Task prompt:
Without copying any picture, return all lines below exactly.

Data extract:
..............................
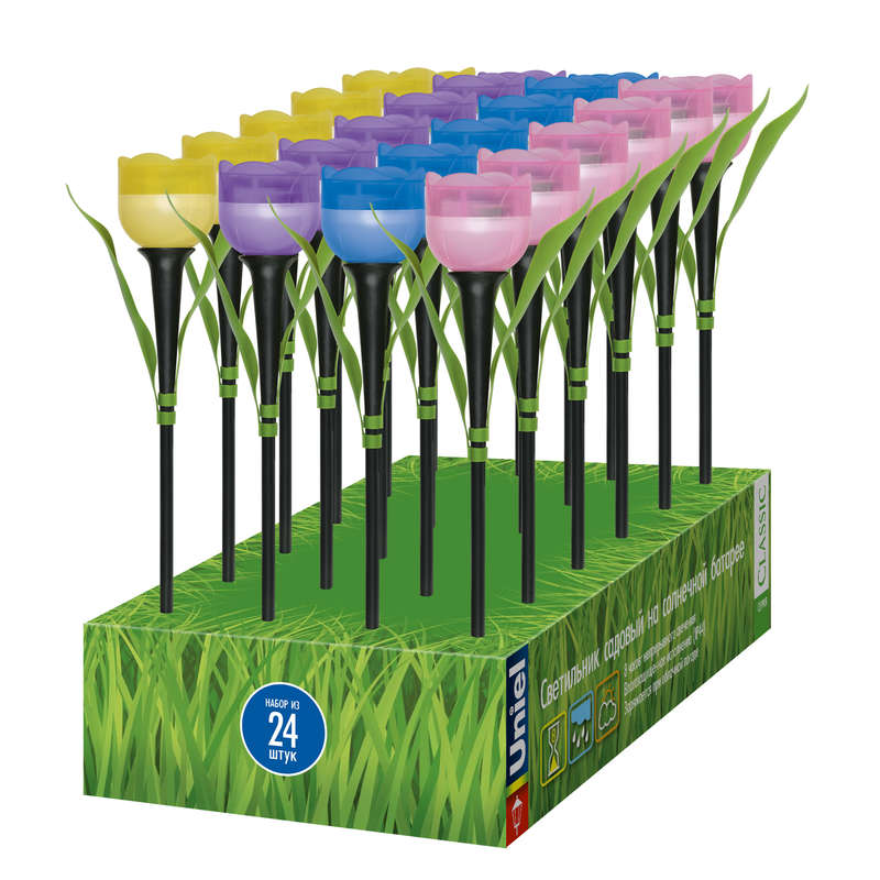 Садовые светильники на солнечной батарее USL-C-651/PT305 TULIP SET 24 в составе набора из 24 шт (4 цвета по 6 шт). Предназначены для декоративной подсветки сада - для газонов, клумб. Устанавливаются вертикально в землю с помощью пики. В светильнике используется светодиод (1 шт) , цвет свечения - белый. Срок службы - до 30000 часов. Светильник предназначен для уличной подсветки, поэтому рассчитан на работу при высоких и низких температурах. Корпус изготовлен из пластика. Степень защиты от влаги IP44. В наборе светильники 4-х цветов — розовый, желтый, фиолетовый, синий. Подключение к электросети не требуется. Встроенный аккумулятор 40 мАч, заряжается в светлое время суток с помощью солнечной панели. Полностью заряженный аккумулятор обеспечивает свечение до 8 часов. Размер изделия 305*50*50 мм (В*Д*Ш). Вес 40 гр. Гарантия 6 месяцев.
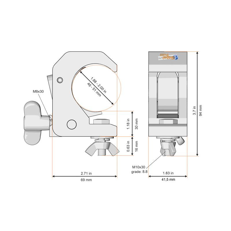Ne convient pas pour une utilisation avec des supports oméga moulés sous pression. Épaisseur maximale de l'empiècement/du support 4 mm
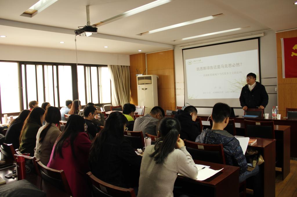 315日下午,浙江大学卢江副教授在天舜大厦六楼会议室为全院师生带来一场精彩的学术报告,题为�凯恩斯谆告还是马克思必然?——资源配置视域下当代资本主义的走�》�
..............................
Written solution:
 Садовые светильники на солнечной батарее USL-C-651/PT305 TULIP SET 24 в составе набора из 24 шт (4 цвета по 6 шт). Предназначены для декоративной подсветки сада - для газонов, клумб. Устанавливаются вертикально в землю с помощью пики. В светильнике используется светодиод (1 шт) , цвет свечения - белый. Срок службы - до 30000 часов. Светильник предназначен для уличной подсветки, поэтому рассчитан на работу при высоких и низких температурах. Корпус изготовлен из пластика. Степень защиты от влаги IP44. В наборе светильники 4-х цветов — розовый, желтый, фиолетовый, синий. Подключение к электросети не требуется. Встроенный аккумулятор 40 мАч, заряжается в светлое время суток с помощью солнечной панели. Полностью заряженный аккумулятор обеспечивает свечение до 8 часов. Размер изделия 305*50*50 мм (В*Д*Ш). Вес 40 гр. Гарантия 6 месяцев.
Ne convient pas pour une utilisation avec des supports oméga moulés sous pression. Épaisseur maximale de l'empiècement/du support 4 mm
 315日下午,浙江大学卢江副教授在天舜大厦六楼会议室为全院师生带来一场精彩的学术报告,题为�凯恩斯谆告还是马克思必然?——资源配置视域下当代资本主义的走�》�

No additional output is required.